March 10, 1996|By Elise Armacost

VERA MCCULLOUGH, the most tireless volunteer you'll ever meet, has invited me to Brooklyn Park Elementary School to see the computer lab parents have worked so hard to create. "What you see here," she says with a sweep of her arm, "is a bunch of junk."

Oh, make no mistake, she says, 20-odd ancient IBM PCs are better than nothing. Still, she says, they're junk. Dinosaurs. A hodgepodge of outdated technology gathered from donors -- local businesses, the National Security Agency -- that have moved on to state-of-the-art equipment.

Some of the PCs have floppies, some have hard drives. "You never know what's going to come up" on the screen, Mrs. McCullough says. "Sometimes the programs work, and sometimes they don't."

Mrs. McCullough teaches 14 computer classes on Tuesdays and Wednesdays, though she's not a teacher per se. She's a 66-year-old grandmother who has made a career out of volunteering. For the last seven years, she has been a bona fide member of the faculty at Brooklyn Park, though she's never drawn a paycheck. When it comes to computers, the real teachers turn to her for advice.

That's because Vera McCullough knows her stuff. She doesn't have fancy degrees but she's got basic smarts, which are usually more valuable. What she knows about computers she TC taught herself. "I was just interested in what they could do," she says. "I used them for word processing, for writing letters to the editor. I'd pop the top off that thing to see what's ticking inside."

The Brooklyn Park lab, Mrs. McCullough says, reflects the efforts of working-class parents who did the best they could with what they had. It also reflects everything that's wrong with computer education in county public schools, where computer literacy is now spoken in the same breath as the three "Rs" but where parents are left to beg, borrow or buy equipment themselves. The result: No school has the same stuff. Some enjoy brand-new machines, thanks to affluent parents and generous corporate donors. Others end up with junk.

"It's ridiculous. There's no uniformity in any of the programs here. Nobody from the Board of Education has ever come in and said, 'What programs are you running on those machines?' You start a computer lab, and you are pretty much on your own."

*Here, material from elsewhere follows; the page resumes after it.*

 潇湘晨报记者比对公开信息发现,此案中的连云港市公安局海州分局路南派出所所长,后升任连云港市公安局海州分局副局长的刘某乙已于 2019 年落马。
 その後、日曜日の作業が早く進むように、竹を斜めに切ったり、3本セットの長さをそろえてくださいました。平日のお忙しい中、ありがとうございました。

Once, when computers were still a novelty, there wasn't a problem with parents holding bake sales or collecting grocery store tapes to raise money for computers. But increasingly computer literacy is considered a basic. And if that's the case, it isn't up to parents or volunteers to provide computers and teach computer classes. The school system should be providing the same tools to children in every school.

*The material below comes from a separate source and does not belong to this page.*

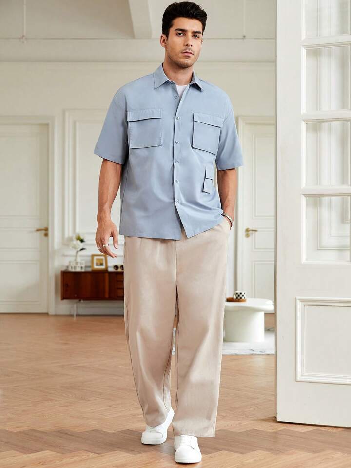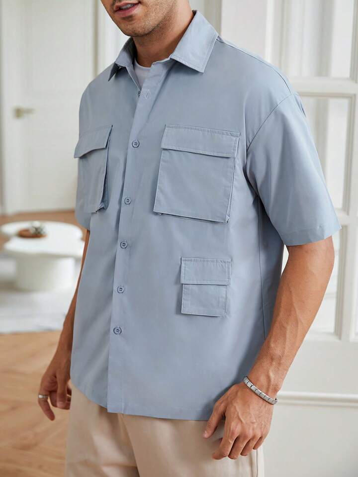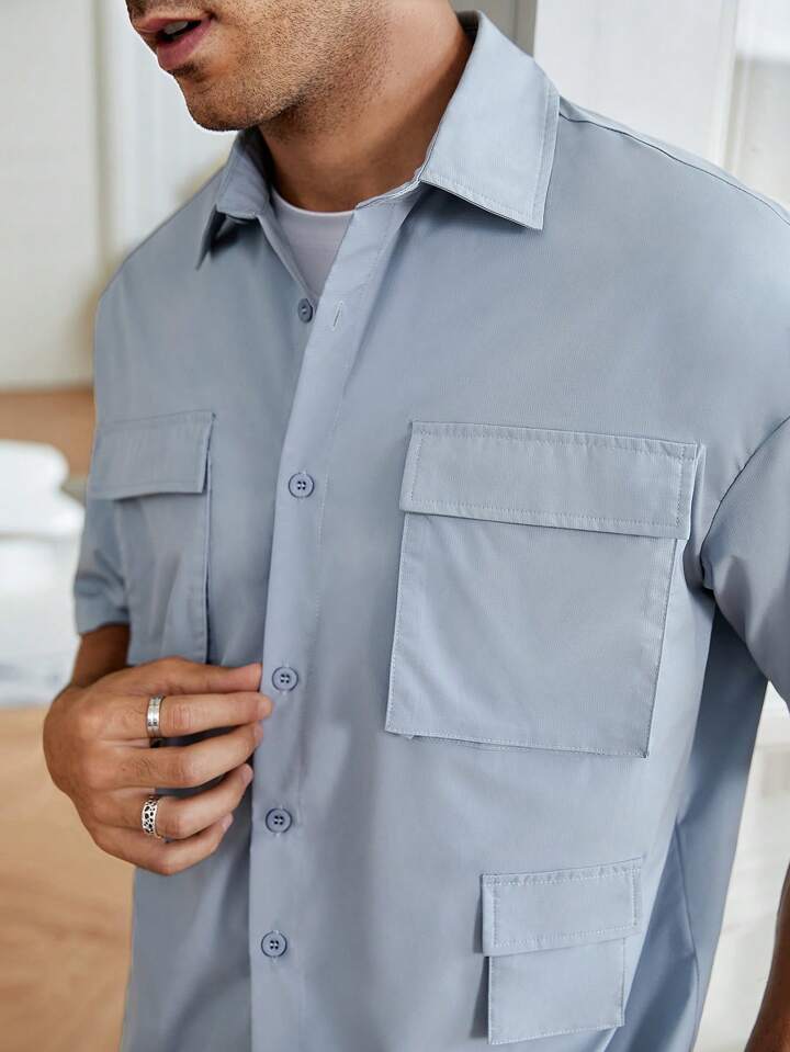 GENTILAND Guys Flap Pocket Drop Shoulder Shirt

Unfortunately, the bake-sale trend -- a nationwide phenomenon as local governments everywhere struggle with flat revenue streams and revulsion to taxes -- shows no sign of abating. State legislation designed to encourage this practice is currently floating around the State House. Under a bill sponsored by Del. James Rzepkowski, R-Glen Burnie, the state would match 20 percent of funds raised by parents and private donors for school computers.

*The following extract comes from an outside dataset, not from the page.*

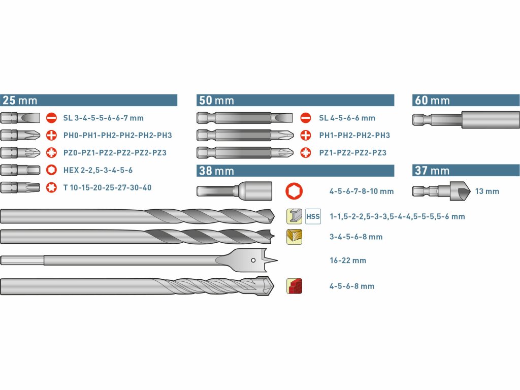 Ein Set der gängigsten Bohrer für Holz, Stahl und Mauerwerk aus hochwertigem HSS-Stahl, Bohrer aus CrV-Stahl in Längen von 25 und 50 mm sowie eine Schablone zur Bestimmung des Durchmessers von 1–10 mm. Das Set beinhaltet: Metallbohrer (Durchmesser 1–1,5–2–2,5–3–3,5–4–4,5–5,5–6 mm), Mauerwerksbohrer (Durchmesser 4–5–6–8 mm), Holzbohrer (Durchmesser 3–4–5–6–8 mm). 16–22 mmZusätzliche Parameter

This program, Mr. Rzepkowski says, would serve as a carrot -- an enticement to PTAs and other groups to come up with money for computers -- as a well as a reward for those who make the effort. These are noble intentions.

Exacerbating inequities

Nonetheless, programs like this are bad for school systems because they exacerbate inequities between schools; those in affluent or active communities get better while others fall further behind. School systems, instead of assuming responsibility for providing basic educational tools, are allowed to cede that job to parents.

Here in Anne Arundel, officials are working on a plan to bring modern computers to every school. Ironically, Mrs. McCullough says, they've made this goal more expensive than it needs to be by insisting on a fancy computer network. The Advanced School Automation Project will cost tens of millions of dollars. Taxpayers may be buying more technology than they need to give students basic computer skills -- depending, of course, on the definition of "basic skills," which local educators have yet to hammer out.

"If I were running the school system," Mrs. McCullough says, "I'd start with the basics." Buy up-to-date machinery, but moderately priced stuff, without bells and whistles intended for techno-buffs. On second thought, she says, she would buy a couple with bells and whistles and put them in the media center, where kids could get a taste of using them.

Forget about computer labs, she says. They're a phony environment. Put the computers in the classroom, where kids can use them in a practical context. Soon, clicking in and out of computer programs would be as natural as popping tapes in and out of the VCR. That's how computer education should work. Instead, Vera McCullough's got a bunch of old PCs sitting on tables parents built and paid for themselves. Junk. "But if we didn't have this," she says, "we wouldn't have anything."

Elise Armacost is The Sun's editorial writer in Anne Arundel County.